DACS REQUIRED ELEMENTS
LEVELS OF ARRANGEMENT
SINGLE VS. MULTI-LEVEL DECISIONS
DESCRIPTION STANDARDS HISTORY
PRACTICAL APPLICATION
100

This DACS element identifies where researchers can find the materials and typically includes the repository's street address.

What is Name and Location of Repository Element (2.2)?

100

Oliver Wendell Holmes identified this many different operations at different levels in his groundbreaking 1964 article on archival arrangement.

What is 5 (five)?

100

A preliminary accession record, a standalone MARC 21 record, and a single database entry are all examples of this type of description.

What is single-level description?

100

This encoding standard arrived in 1995, giving archivists an XML-based format that could express complex archival hierarchies and enable web publication.

What is EAD (Encoded Archival Description)?

100

According to DACS principles, information at each level of a multi-level description must be relevant only to materials at that specific level, avoiding this error of copying the same information down the hierarchy.

What is repetition (or unnecessary repetition)?

200

According to DACS, this element must identify the whole-part relationship between levels in a multilevel description, either through internal tracking or explicit statement.

What is Identification of the whole-part relationship?

200

This archival principle, emphasized by Holmes and Note, means that information common to component parts should be provided where most generally appropriate and not repeated at lower levels unless needed for clarity.

What is inheritance?

200

According to the readings, collections of this size—containing thousands of items—are often better served by collection and series-level descriptions rather than item-level detail.

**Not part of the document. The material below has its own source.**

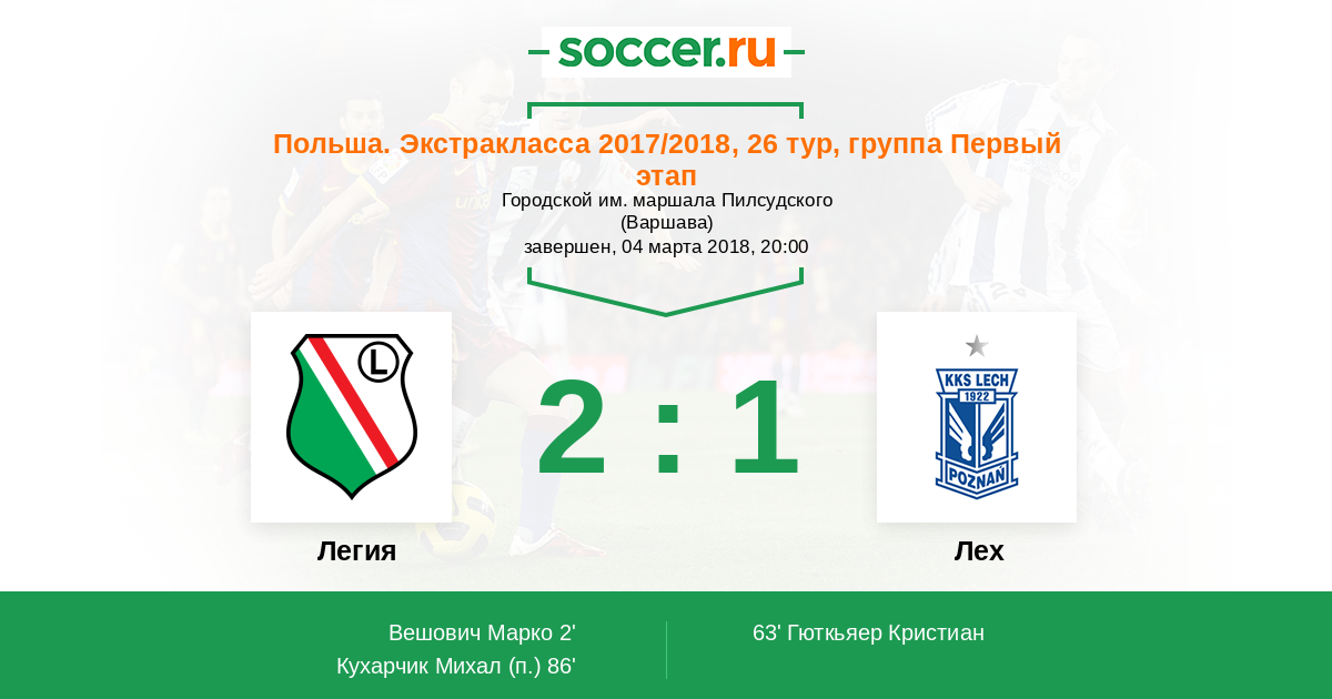 Польша. Экстракласса 17.05.2017 Легия Логотип футбольный клуб Легия (Варшава) 2:0 Логотип футбольный клуб Лех (Познань) Лех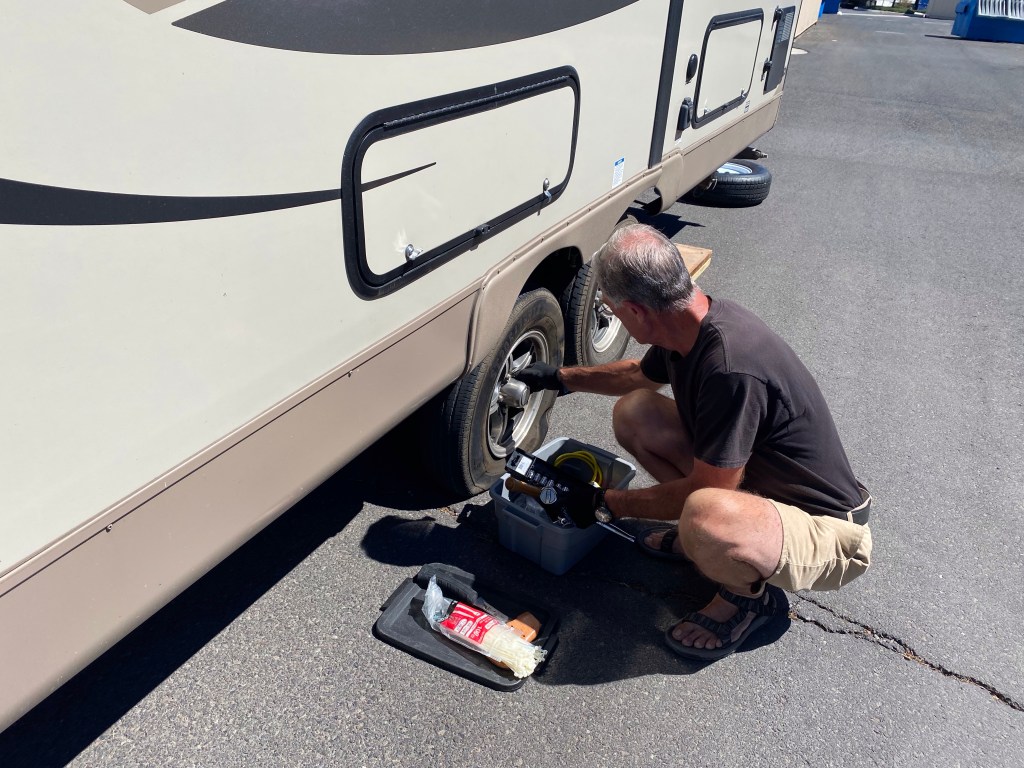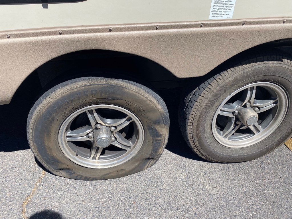 No problem…Harry will fix it…But no, when the tires were put on the guys at the shop had cinched them down so hard, Harry’s Jack was unable to budge it. We had several other people try to help…to no avail. Call AAA and we find we were only the “standard “ customer and they would only help the truck…😳 Finally, a tire service said they would come but they were backed up…it would be awhile. So three hours later we were on the road.

What are large collections?

200

Before the 1980s standards revolution, archivists resisted standardization by arguing that their collections were too unique and this professional quality—their expert judgment—was too important to be constrained by rules.

What is professional judgment (or archival judgment)?

200

Margot Note recommends using this technique—along with contextual notes—to link descriptions at different levels and help users understand broader context.

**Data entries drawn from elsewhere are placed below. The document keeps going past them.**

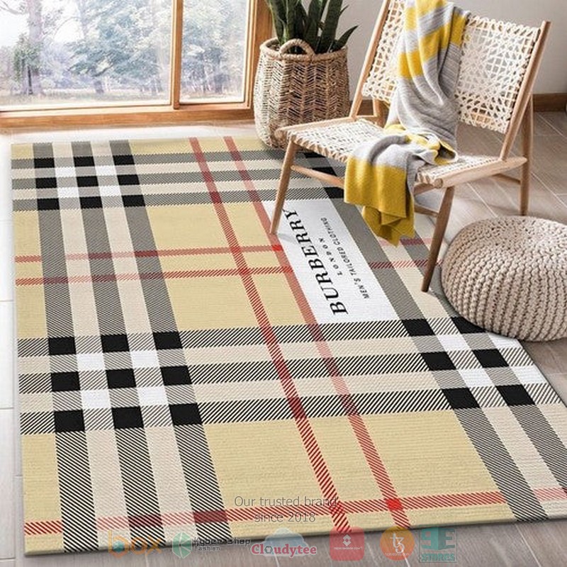 • Burberry Brand London Men’S Tailored Clothing Khaki Plaid Pattern Rug great for any decor, adds texture to the floor and complements any decor.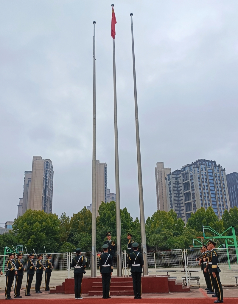 上午6时10分,学校国旗班队员迈着矫健的步伐护送国旗走向升旗台。伴随着雄壮的《义勇军进行曲》,鲜艳的五星红旗冉冉升起。在场全体人员肃然起敬,面向国旗行注目礼,齐声高唱国歌,向伟大祖国致以生日的祝福和崇高的敬意。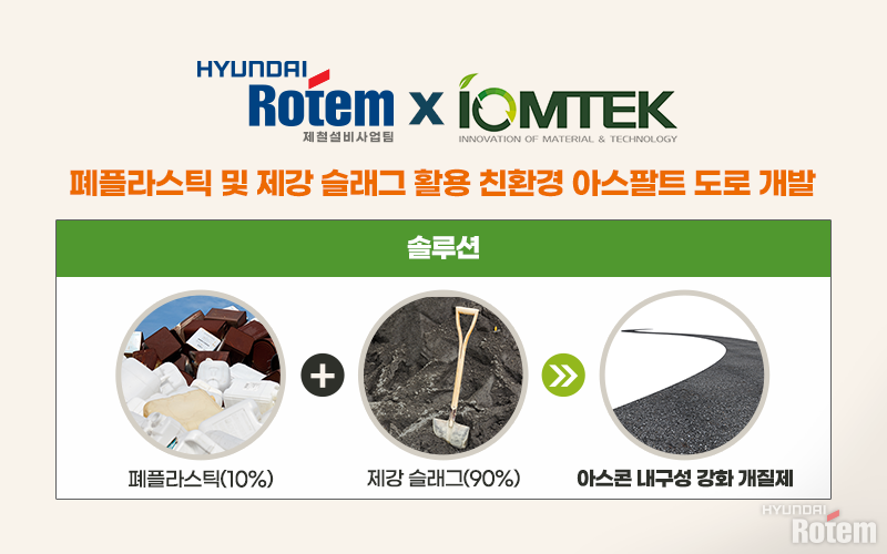 이옴텍과 현대로템은 폐플라스틱을 활용해 친환경 아스팔트 도로를 개발하고자 합니다. 제강 슬래그 입자를 폐플라스틱으로 코팅해, 아스팔트 도로 내구성을 강화하는 개질제 생산 기술을 착안했는데요. 이렇게 개발된 아스콘 내구성 강화 개질제는 기존의 화학 합성물을 사용한 개질제를 대체할 수 있습니다.

What are cross-references?

300

This is the total number of required DACS elements for single-level minimum description.

What is 10 (ten)?

300

According to ISAD(G), this is the second level in the traditional four-level descriptive framework, falling between fonds and file.

What is series?

300

This type of description can begin at any level and must include at least one sublevel, with typical examples being collection inventories or registers.

What is multi-level description?

300

This 1983 development adapted library cataloging standards for archival materials, allowing archives to create catalog records that could live in library systems and OCLC.

What is MARC-AMC (MARC format for Archival and Manuscripts Control)?

300

For email archives like the 15,000-email climate activist collection in the discussion assignment, archivists must decide whether to impose this organizational structure or rely solely on chronological arrangement.

What are series (or series organization)?

400

In multi-level description, this DACS element is only required at subsequent levels if the person or organization responsible differs from higher levels, and can also be accomplished using the Name Segment of the Title Element.

What is Name of Creator(s) Element (2.6)?

400

Margot Note argues that this factor—whether researchers heavily use a collection due to unique content—should guide whether to provide detailed file or item-level descriptions.

What is research value (or anticipated research value)?

400

Margot Note identifies this practical constraint—along with staffing limitations—as a major reason why item-level descriptions are unfeasible for most institutions.

What is time (or limited time/resources)?

400

Susan Davis and Lisa Weber both argue that without standards, archives remained in this state, making it impossible for researchers to discover collections they didn't already know existed.

What is isolated (or invisible)?

400

In the oral history interview scenario from the discussion assignment, archivists must decide whether each interview is this—a separate standalone unit—or part of one larger collection entity.

What is a separate item (or individual item)?

500

DACS specifies this many total elements that are useful in creating archival description systems, though not all are required in every description.

What is 25 (twenty-five)?

500

In Berg's analysis of multi-level description challenges, this term describes the online display problem where lower-level descriptions lose context when viewed separately from their parent descriptions.

What is decontextualization (or loss of inherited context)?

500

Cory Nimer's 2011 research forum paper addresses this challenge: creating displays that work at a single level while maintaining the ability to reuse metadata across multiple levels.

What is repurposeable metadata (or single-level displays with repurposeable metadata)?

500

This specialized standard, abbreviated EAC-CPF, provides structure for describing the creators of archives as distinct entities, separating information about people and organizations from information about their records.

What is Encoded Archival Context - Corporate Bodies, Persons, and Families?

500

Gregory Wiedeman's 2019 article argues that traditional finding aids contain these kinds of dangers, particularly regarding hidden biases, harmful language, and structures that privilege certain researcher perspectives over others.

What are historical hazards (or what is problematic historical context/oppressive descriptive practices)?